# Huron River Island Lake area/ Brighton



## MFPS (Jun 21, 2009)

Does anyone have any insight or advice they can give as to the type of fishing and general areas to fish...


----------



## Chromedoggy (Mar 25, 2007)

MFPS said:


> Does anyone have any insight or advice they can give as to the type of fishing and general areas to fish...



The entire river through the park is fishable with all warmwater species available. The dam to Kensington road is easily wadeable under most conditions.


----------



## Kelly Johnson (May 22, 2005)

Water's extremely low and fishing is pretty poor currently.


----------



## MFPS (Jun 21, 2009)

I was looking for some late spring early summer fishing with the wife.


----------



## MAttt (Dec 15, 2004)

Kelly Johnson said:


> Water's extremely low and fishing is pretty poor currently.

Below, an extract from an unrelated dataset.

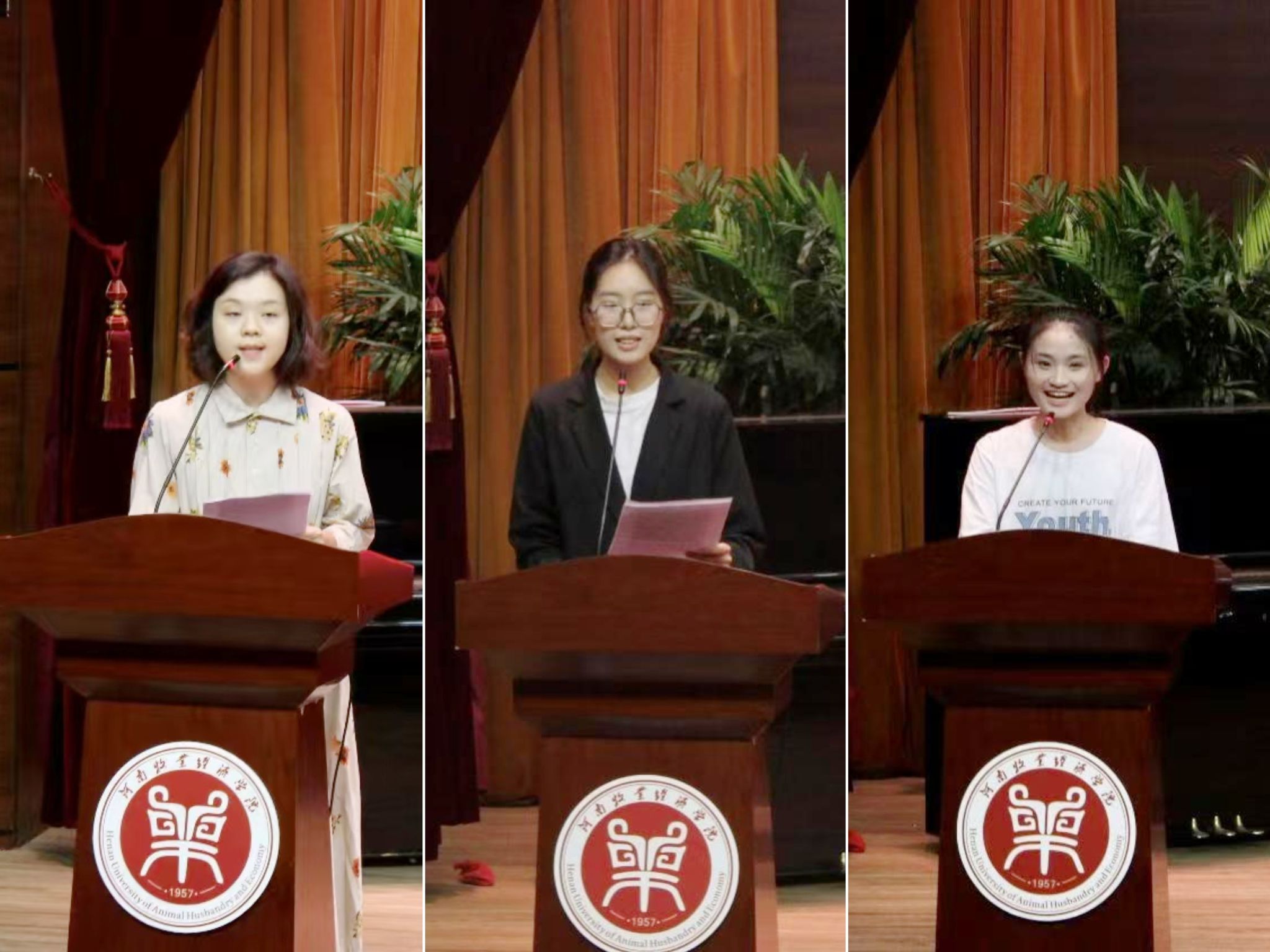 学院教师代表、第五届河南省本科高校教师课堂教学创新大赛外语赛道暨第十五届全国高校外语教学大赛河南省赛(大学英语综合小组)特等奖获得者刘丹凝;老生代表、2023“外研社·国才杯”“理解当代中国”全国大学生外语能力大赛英语组演讲赛项国赛铜奖、河南省赛特等奖获得者,2022级商务英语01班李想;新生代表、2024级商务英语01班邹卓垣分别发言。

Not below the Kent Lake Dam atm since it is blasting due
to the annual 3 foot lowering of the Lake.

MFPS
You looking to fish from shore, wade,canoe?
Quite a bit of the river is wadeable and a couple of access points in the
park along with canoe and kayak rentals.


----------



## MFPS (Jun 21, 2009)

I was looking at fishing from US 23 in Brighton into Brighton rec. anyone ever had any luck up that far?


----------